Exactly the lines from the beginning of the records to the line with "Lambda表达式可以视作一种轻量级的继承方式,用于实现函数接口的方法。", both ends included, are to be given again, and pictures are to be left out.

== Segment start ==

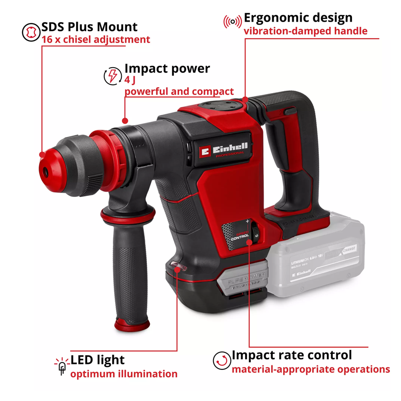 Einhell TP-DH 18/4 Li BL-Solo PXC 18V 4J SDS Plus Professional Brushless Demolition Hammer (Body) 4514190
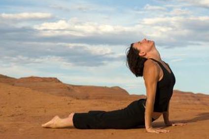 - Бхуджангасана Отталкиваясь руками и держа ноги прямо, выгните спину в позу кобры . Вдохните и повторяйте Ом хиранаягарбхайа намах (Приветствие Золотому Космическому Я).
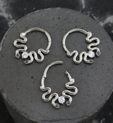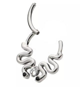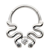Dress up your septum or cartilage piercing with this curvy snake hinged segment ring! This piece is made from ASTM 136 titanium with a double curving snake design that meets in the middle at a 2.5mm clear cz gem. The eyes of the snakes are made with black cz gems. Size is 16G with an inner diameter size of 3/8" (10mm). Hinge opens and clicks closed. Sold individually (1pc).
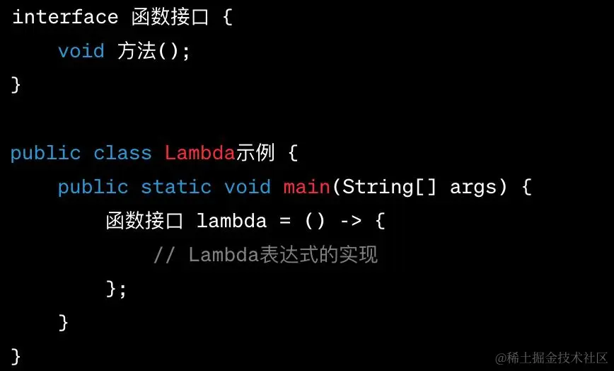 Lambda表达式可以视作一种轻量级的继承方式,用于实现函数接口的方法。
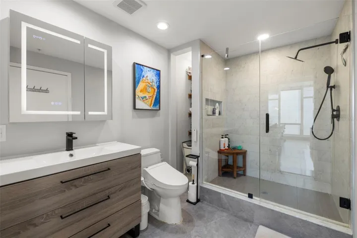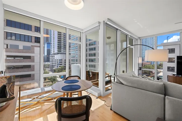 Welcome to the City Lofts Residence at Signature Place Condominiums. A beautifully remodeled and fully furnished 1-bedroom, 1-bathroom corner unit located on the top floor of the liner building that is seamlessly connected to the main tower. This sun-filled residence features high ceilings, expansive windows, and an open-concept layout designed for comfort and modern living. The updated kitchen offers stone countertops, stainless steel appliances, modern cabinetry, and a sleek backsplash. The living area includes window treatments, while the spacious bedroom features an automatic blackout curtain and a custom-built closet for functional storage. The bathroom is finished with a floating vanity, frameless glass shower, and contemporary tile work. Additional highlights include a private air conditioning unit (2021), in-unit washer and dryer, and one assigned garage parking space. Offered fully furnished, including curated furniture, linens, kitchenware, and décor, this home is truly move-in ready. Residents enjoy luxury amenities such as concierge service, heated infinity-edge pool and spa, outdoor grilling stations, multiple lounge areas, and a state-of-the-art fitness center. Ideally located one block from Beach Drive and the St. Pete Pier, with walkable access to the waterfront, dining, shopping, parks, and the vibrant cultural scene of downtown St. Petersburg.
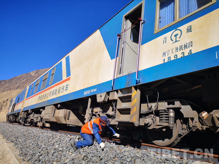 圖為工作人員檢測(cè)拉日鐵路的鋼軌是否存在內(nèi)部損傷
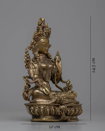Standing at a height of 14.5 cm, the Green Tara Tibetan Statue is a beautiful example of grace and compassion, meticulously crafted from brass.
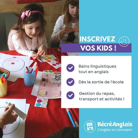 Dès la sortie de l'école, pour la pause déjeuner ou pour le goûter, votre formatrice RécréAnglais récupère vos enfants par petits groupes et se charge de tout, en anglais : gestion du transport, des repas et de toutes les activités !
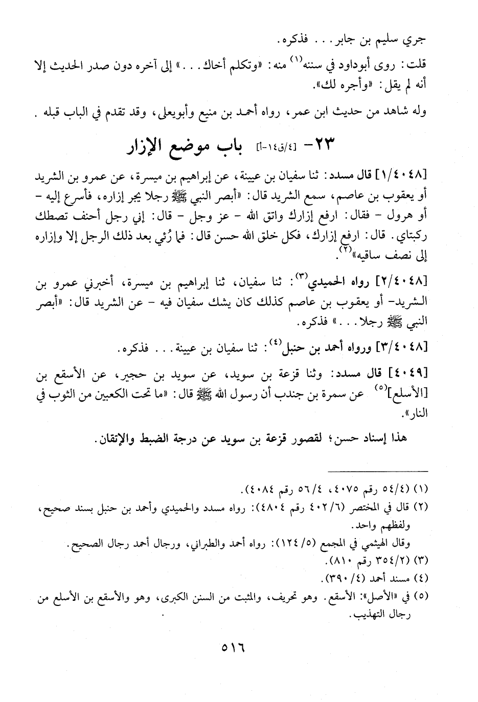 4048 / 1 - قَالَ مُسَدَّدٌ: ثَنَا سُفْيَانُ بْنُ عُيَيْنَةَ، عَنْ إِبْرَاهِيمَ بْنِ مَيْسَرَةَ، عَنْ عَمْرِو بْنِ الشَّرِيدِ أَوْ يَعْقُوبَ بْنِ عَاصِمٍ، سَمِعَ الشَّرِيدُ قَالَ: "أَبْصَرَ النَّبِيُّ - صَلَّى اللَّهُ عَلَيْهِ وَسَلَّمَ - رَجُلًا يَجُرُّ إِزَارَهَ، فَأَسْرَعَ إِلَيْهِ -أَوْ هَرْوَلَ- فَقَالَ: ارْفَعْ إِزَارَكَ وَاتَّقِ اللَّهَ -عَزَّ وَجَلَّ- قَالَ: إِنِّي رَجُلٌ أَحْنَفٌ تَصْطَكُّ رُكْبَتَايَ. قَالَ: ارْفَعْ إِزَارَكَ، فَكُلُّ خَلْقِ اللَّهِ حسن قال: فما رُئي بَعْدَ ذَلِكَ الرَّجُلُ إِلَّا وَإِزَارُهُ إِلَى نِصْفِ سَاقَيْهِ".
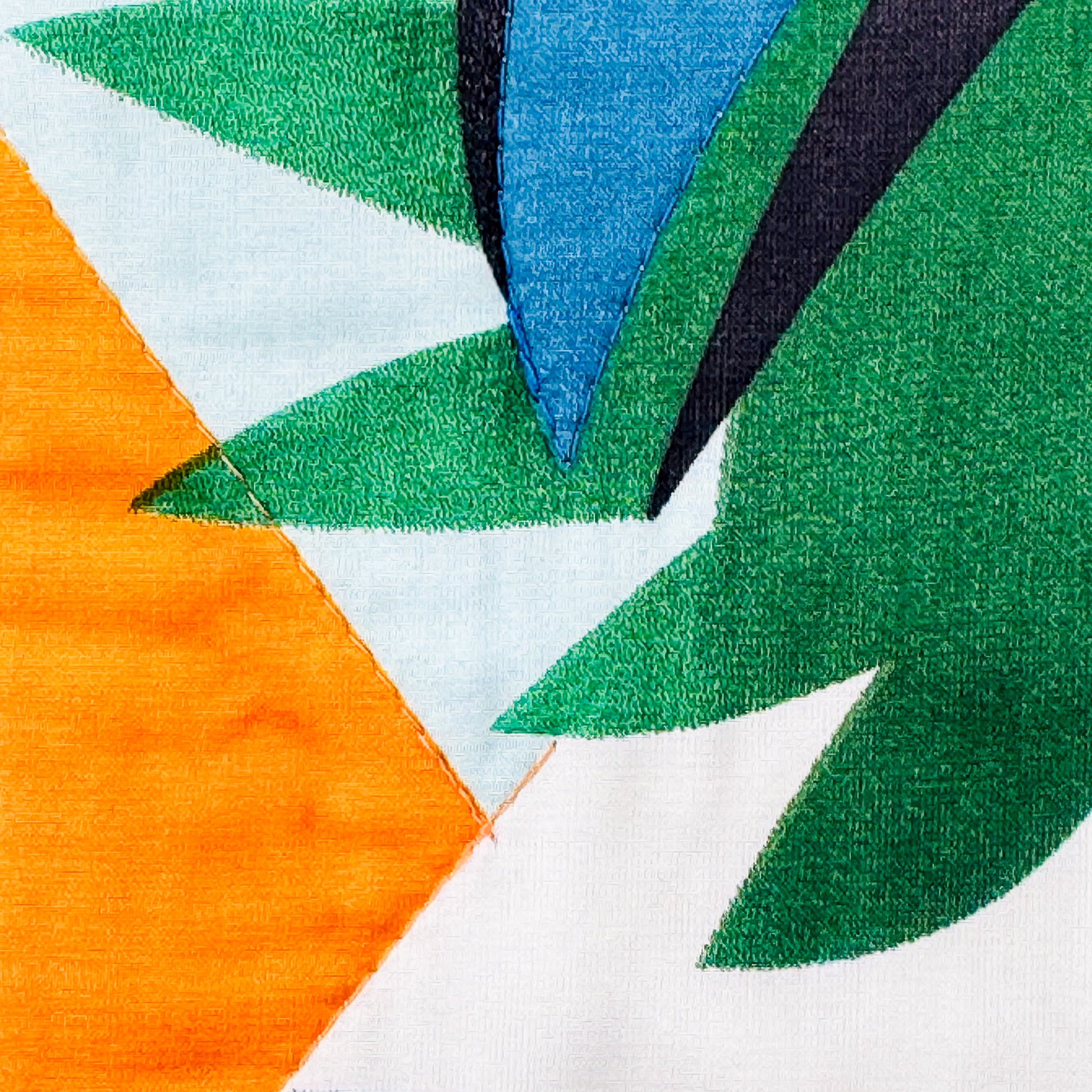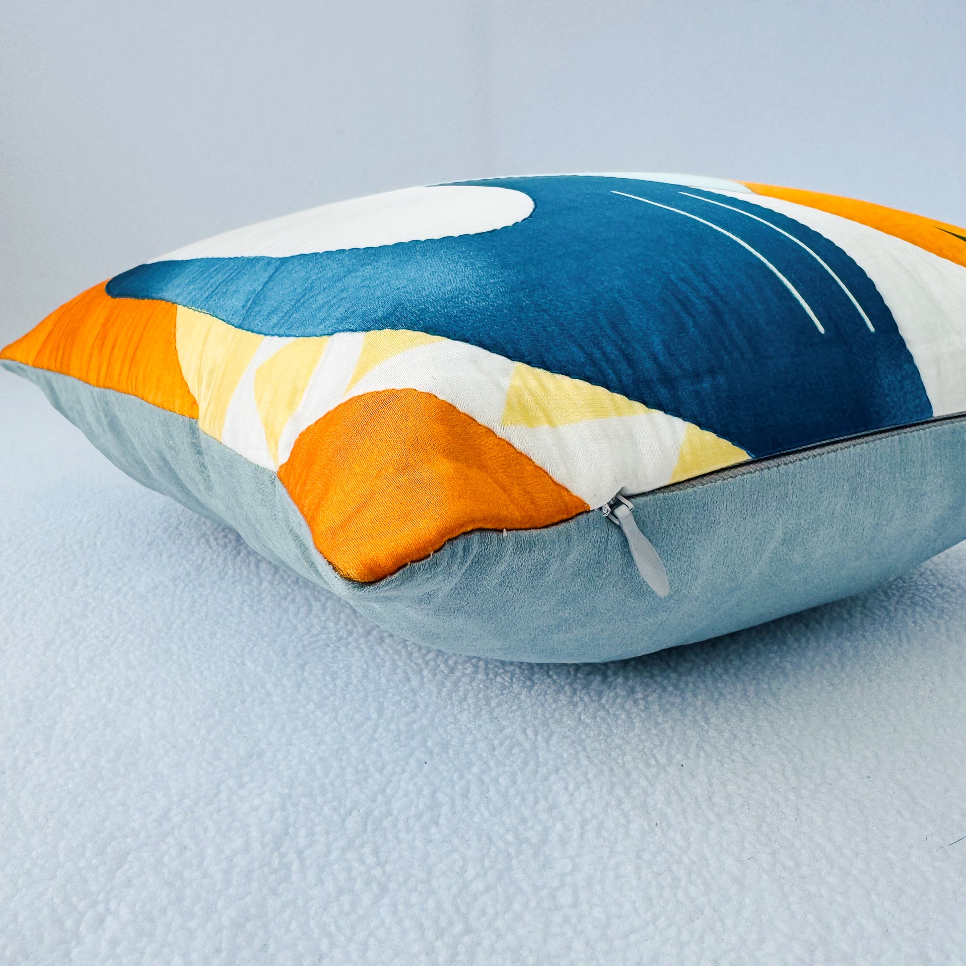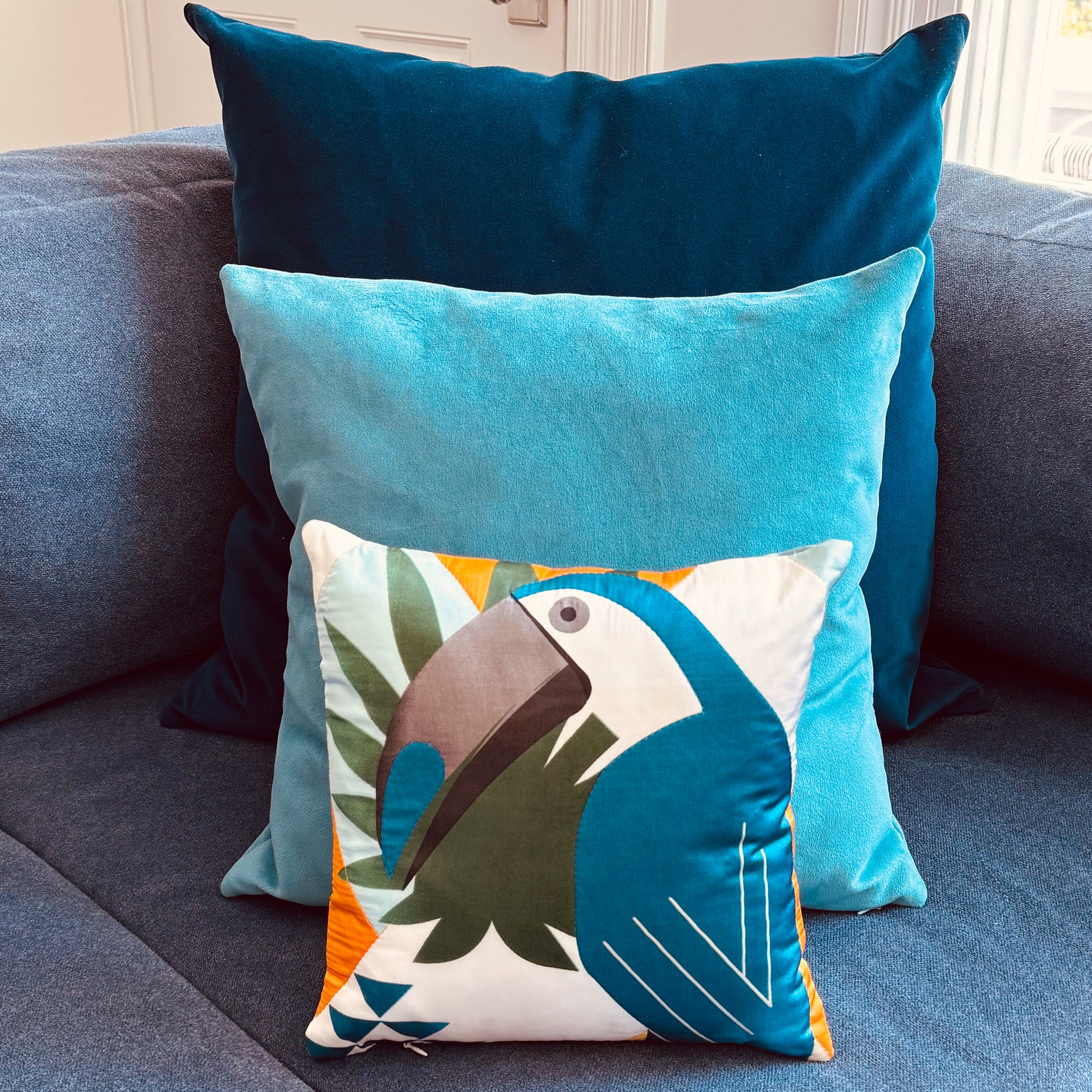 * Features bold blue, orange, green, and white color block with a vibrant geometric toucan pattern design

== Segment end ==

_Result below_:
 Einhell TP-DH 18/4 Li BL-Solo PXC 18V 4J SDS Plus Professional Brushless Demolition Hammer (Body) 4514190
 - Бхуджангасана Отталкиваясь руками и держа ноги прямо, выгните спину в позу кобры . Вдохните и повторяйте Ом хиранаягарбхайа намах (Приветствие Золотому Космическому Я).
Dress up your septum or cartilage piercing with this curvy snake hinged segment ring! This piece is made from ASTM 136 titanium with a double curving snake design that meets in the middle at a 2.5mm clear cz gem. The eyes of the snakes are made with black cz gems. Size is 16G with an inner diameter size of 3/8" (10mm). Hinge opens and clicks closed. Sold individually (1pc).
 Lambda表达式可以视作一种轻量级的继承方式,用于实现函数接口的方法。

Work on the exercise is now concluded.